Studio album by 5th Ward Boyz
- Released: May 1993
- Recorded: 1992–93
- Studios: Jungle Style Studios (Houston, TX); Digital Services (Houston, TX);
- Genres: Southern hip-hop; gangsta rap; hardcore hip-hop;
- Length: 48:26
- Labels: Underground; Rap-A-Lot; Priority;
- Producers: J Prince; John Bido; Mike Dean; N.O. Joe;

5th Ward Boyz chronology
|  | Ghetto Dope (1993) | Gangsta Funk (1994) |

Singles from Ghetto Dope
- "Thanks for the Blessing" Released: May 24, 1993;

= Ghetto Dope =

Ghetto Dope is the debut studio album by American hip-hop group 5th Ward Boyz.
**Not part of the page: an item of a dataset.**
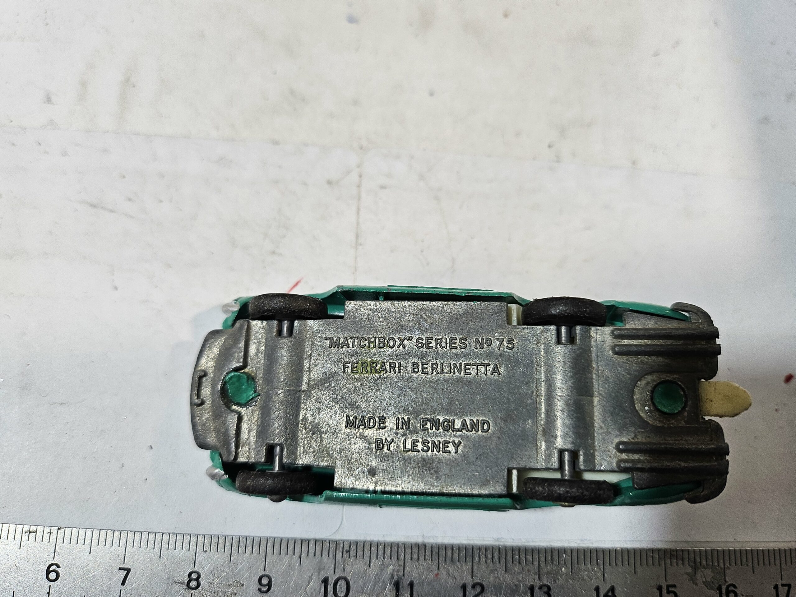Rare Matchbox No. 75 Ferrari Berlinetta – Vert Uni (Non-Métal) – Variante Lesney

It was released in May 1993 through a joint venture between O.G. Dewey Forker's Underground Records and J. Prince's Rap-A-Lot Records with distribution via Priority Records. Recording sessions took place at Jungle Style Studios and at Digital Services in Houston. Production was handled by John Bido, Mike Dean, N.O. Joe, and J. Prince, who was also serving as executive producer together with Edward Russell and O.G. Dewey. It features guest appearances from Bushwick Bill, Devin the Dude and Scarface. Member Richard "Lo Life" Nash was absent on the project due to his imprisonment.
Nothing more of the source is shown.